Expected repo layout:
- notebooks/
- src/tecore/
- data/synthetic/

If you run in DataLore without the repository mounted, create local modules:
- `tecore/simulate.py`
- `tecore/variance_reduction.py`
(as you already do with `%%writefile`).


In [None]:
import sys
from pathlib import Path

import numpy as np
import pandas as pd
import matplotlib.pyplot as plt
from scipy import stats

ALPHA = 0.05
RNG = np.random.default_rng(123)

# If running from repo notebooks/, this makes `src/` importable:
repo_root = Path("..").resolve()
src_path = (repo_root / "src").resolve()
if (src_path / "tecore").exists() and str(src_path) not in sys.path:
    sys.path.insert(0, str(src_path))

from tecore.simulate import SyntheticB2CConfig, generate_user_level_data
from tecore.variance_reduction import cuped_split_adjust


## 1) Generate a heavy-tailed dataset

We intentionally increase tail heaviness by:
- increasing `revps_lognorm_sigma`
- increasing `high_spender_share`
- increasing `high_revps_multiplier`

We keep the dataset user-level and aggregated over the post period.


In [None]:
cfg = SyntheticB2CConfig(
    n_users=80_000,
    seed=42,
    effect_type="mixed",
    lift_sessions=0.03,
    lift_rev_per_session=0.03,
    include_binary=False,

    # Make tails heavier:
    revps_lognorm_sigma=1.35,
    high_spender_share=0.05,
    high_revps_multiplier=10.0,

    # Keep decent pre/post correlation for CUPED to work:
    monetization_latent_sigma=0.8,
)

df = generate_user_level_data(cfg)
df.shape, df.head()

## 2) Quick distribution check

We look at:
- histogram of revenue (clipped for visibility)
- log-histogram
- a simple boxplot (showing how extreme the tail is)


In [None]:
rev = df["revenue"].to_numpy(dtype=float)
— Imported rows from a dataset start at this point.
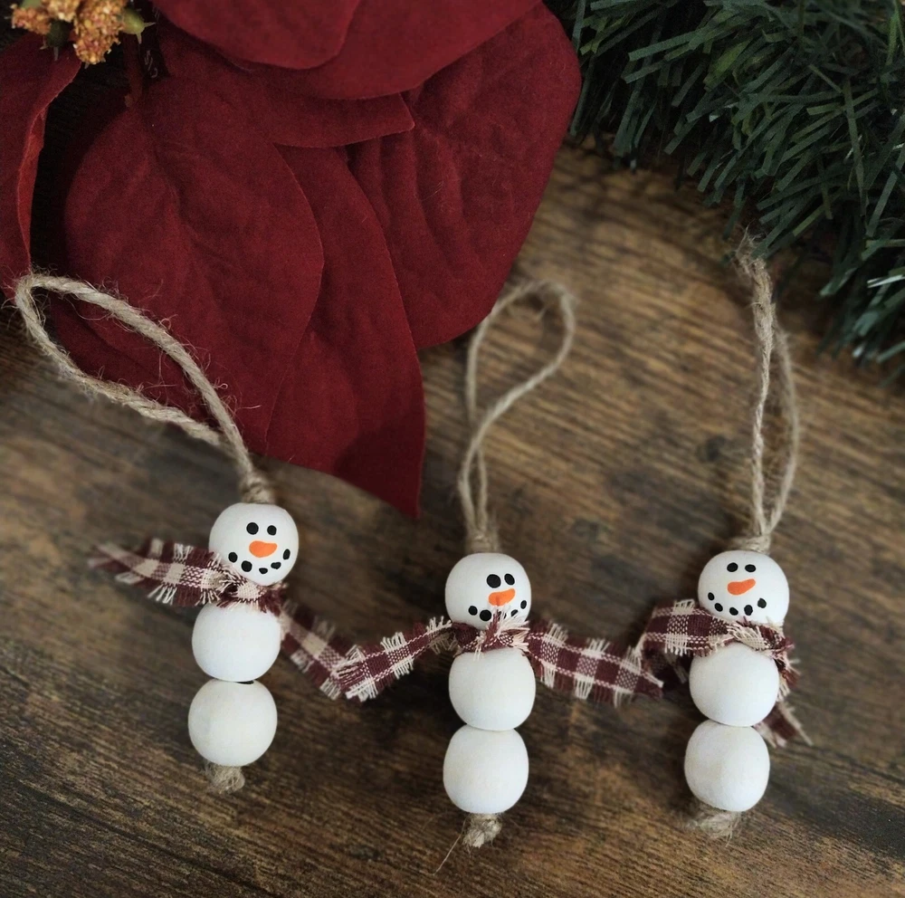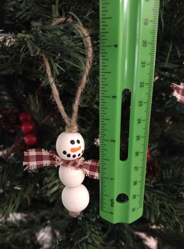 "This listing is for a single ornament. Each ornament measures about 4.5" ( ornament itself is 2" in height), making them a great addition to any Christmas tree or wreath. Simply crafted from natural wood with a cozy little frayed scarf and hand painted face, these are too cute and not to include in your holiday decorating. Shipping will be combined for multiple.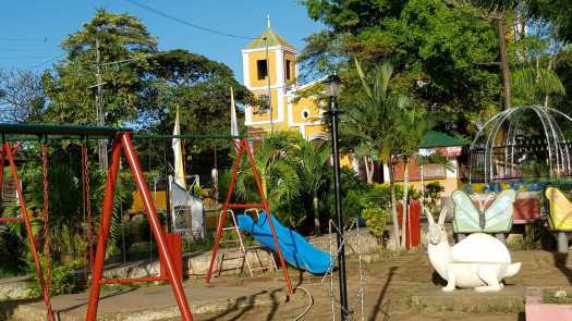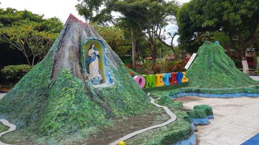 Foto 9: Het pleintje van Moyogalpa met de kerk half verscholen achter het groen.De volgende dag fietste ik rond de vulkaan Concepcion naar het plaatsje Altagracia dat, gezien vanaf Moyogalpa, pal achter de vulkaan ligt.
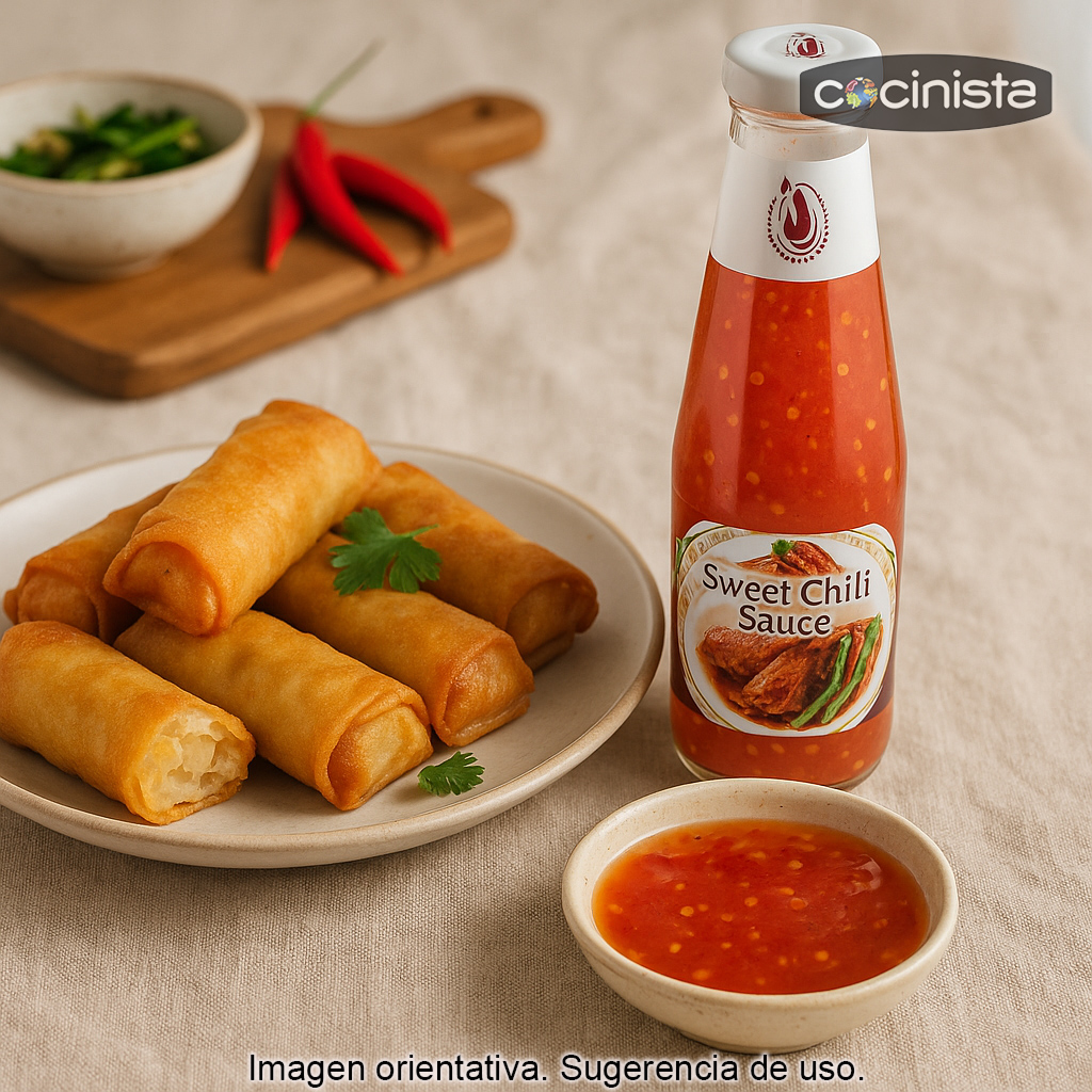 Esta sweet chili sauce acompaña de maravilla todo tipo de rollitos (spring rolls), mariscos, pescados y frituras, y también funciona como salsa para pollo, verduras a la plancha o al wok, tofu y platos de arroz o noodles. Es una opción excelente para dar un toque exótico a recetas del día a día, aportando un sabor agridulce con un final ligeramente picante.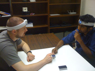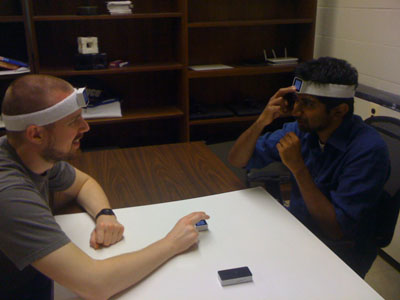 So I created Mind Reader, which is a game where you wear a Sifteo cube on your forehead using a headband. This forces you to look your opponent in the face throughout the game.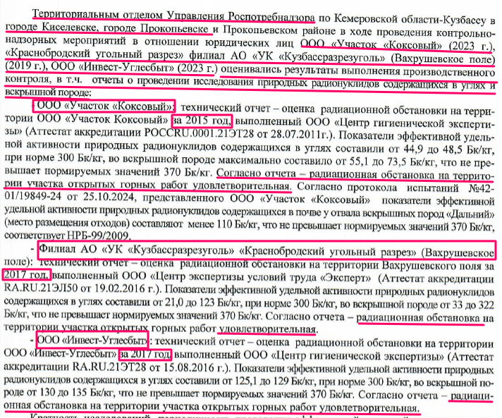 К слову, в Киселевске, где на 85 тысяч жителей 8 разрезов, обогатительные фабрики и куча углепогрузок, нет аккредитованной лаборатории Роспотребнадзора, которая могла бы провести нужные экспертизы загрязнения радиоактивными элементами, некоторыми тяжёлыми металлами и другими ядовитыми веществами. Вместо проведения лабораторных исследований санитарное ведомство оценивает результаты производственного контроля самих предприятий, причём, выполненные 7-10 лет назад.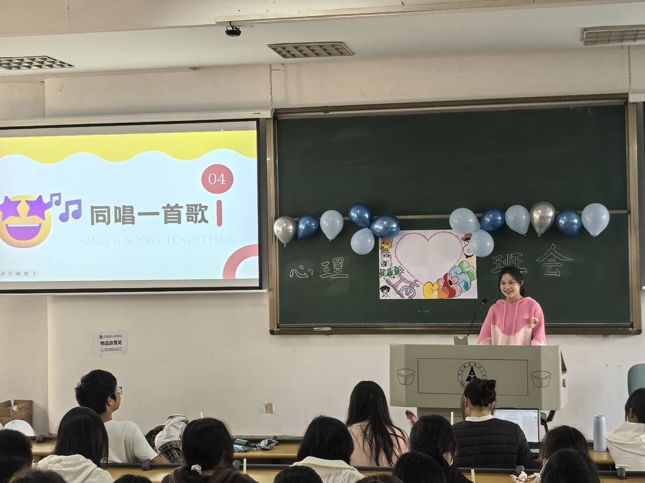 活动第四项,来到大家期盼已久的“同唱一首歌”环节。根据同学们的投票结果,心理委员张雨萱同学宣布我们的班歌—《我的未来式》。在班委的带头下,同学们齐唱班歌。此时,思想的火花悄然碰撞,集体的誓言铮铮回响,这是旋律的流淌,是情感的奔涌,是班级的吟唱,是集体的和鸣。此刻,音律之下,声浪之中,是我们集体灵魂的独特频率。
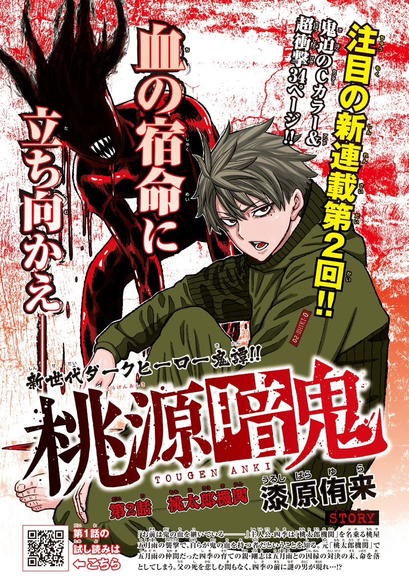 After explaining to Shiki that the Momotarou Corporation was established to exterminate Oni, and that the Oni Corporation was established to protect them in response, Mudano tells him that newly awakened Oni are gathered and tested to see if they are capable of controlling their abilities and training to become members themselves.
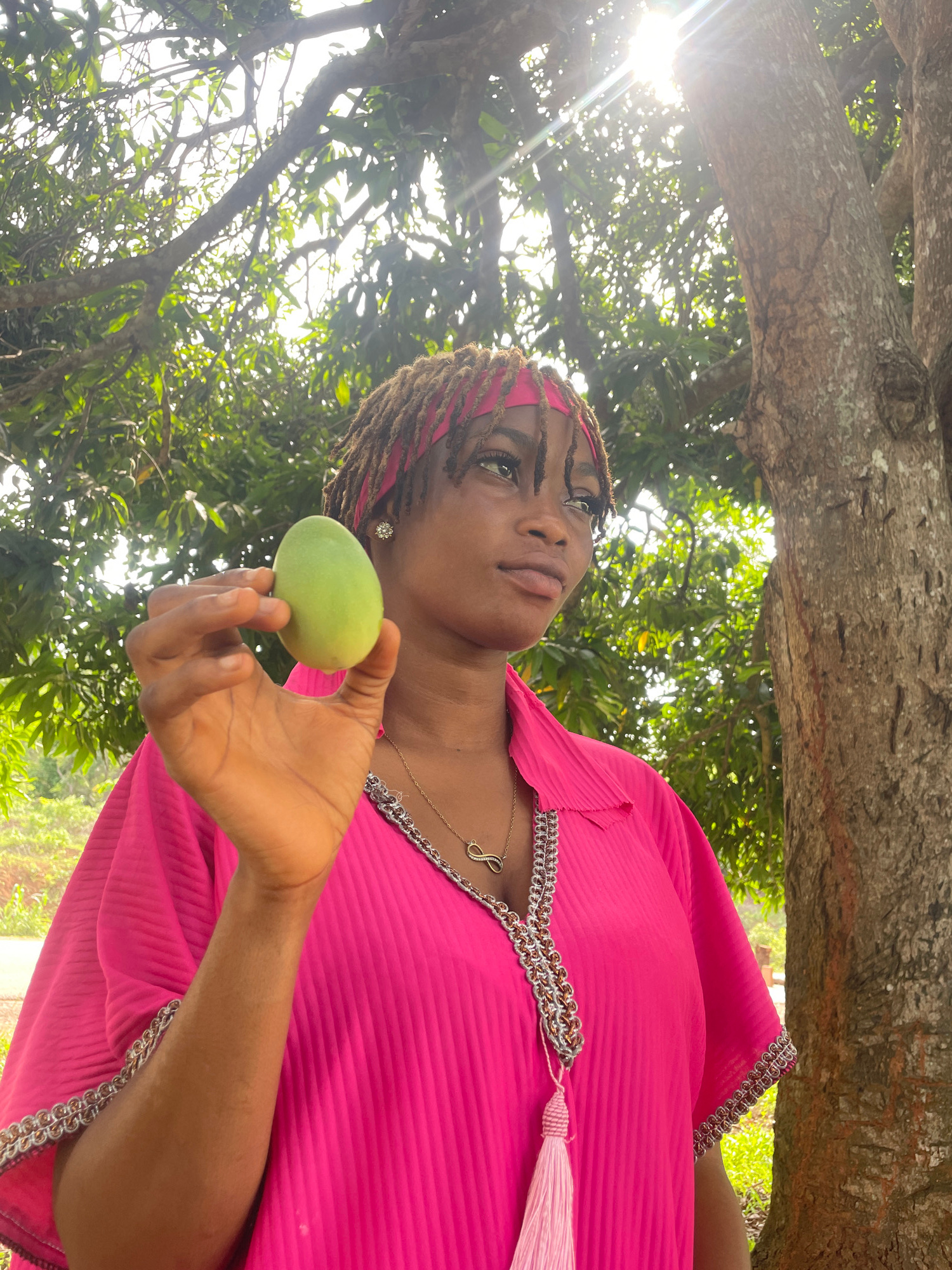 In a vertically oriented outdoor shot taken in Ogbe, Nigeria, a young woman is depicted under the dense canopy of a large tree. She has dreadlocks pulled back by a pink headband and wears a bright pin…read more
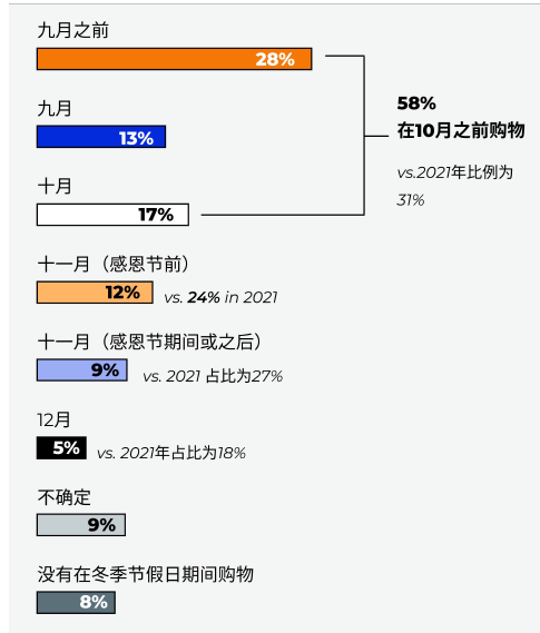 由于担心通货膨胀率进一步提升,大批消费者选择提前购物,有58%的消费者表示,会在10月前购物,此比例在去年仅为31%。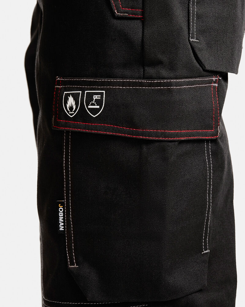 Jobmanin hitsaushousut on valmistettu 350 g/m²:n puuvillasta, joka on käsitelty palosuojatulla Probanilla. Tuote on sertifioitu EN11612- ja EN11611-standardien mukaisesti. Hitsausvaatemallisto on suunniteltu erityisesti hitsaajille ja muihin vaativiin työtehtäviin. Ulkopuoliset polvisuojataskut lisäävät mukavuutta ja kestävyyttä.

p99 = np.quantile(rev, 0.99)
p999 = np.quantile(rev, 0.999)

fig = plt.figure(figsize=(10, 4))
plt.hist(np.clip(rev, 0, p99), bins=60)
plt.title("Revenue per user (clipped at p99 for visibility)")
plt.xlabel("revenue")
plt.ylabel("count")
plt.tight_layout()
plt.show()

plt.figure(figsize=(10, 4))
plt.hist(np.log1p(rev), bins=60)
plt.title("log1p(revenue) distribution")
plt.xlabel("log1p(revenue)")
plt.ylabel("count")
plt.tight_layout()
plt.show()

plt.figure(figsize=(8, 3))
plt.boxplot(np.clip(rev, 0, p999), vert=False, showfliers=False)
plt.title("Revenue per user (clipped at p99.9)")
plt.xlabel("revenue")
plt.tight_layout()
plt.show()

p99, p999

## 3) Utility functions

We implement:
- Welch t-test effect + CI
- winsorization and trimming helpers
- a unified runner: base vs CUPED for a chosen transformation


In [None]:
def split_groups(df: pd.DataFrame):
    c = df[df["group"] == "control"].copy()
    t = df[df["group"] == "test"].copy()
    return c, t


def welch_ttest_effect(y_c: np.ndarray, y_t: np.ndarray, alpha: float = ALPHA):
    stat, pval = stats.ttest_ind(y_t, y_c, equal_var=False)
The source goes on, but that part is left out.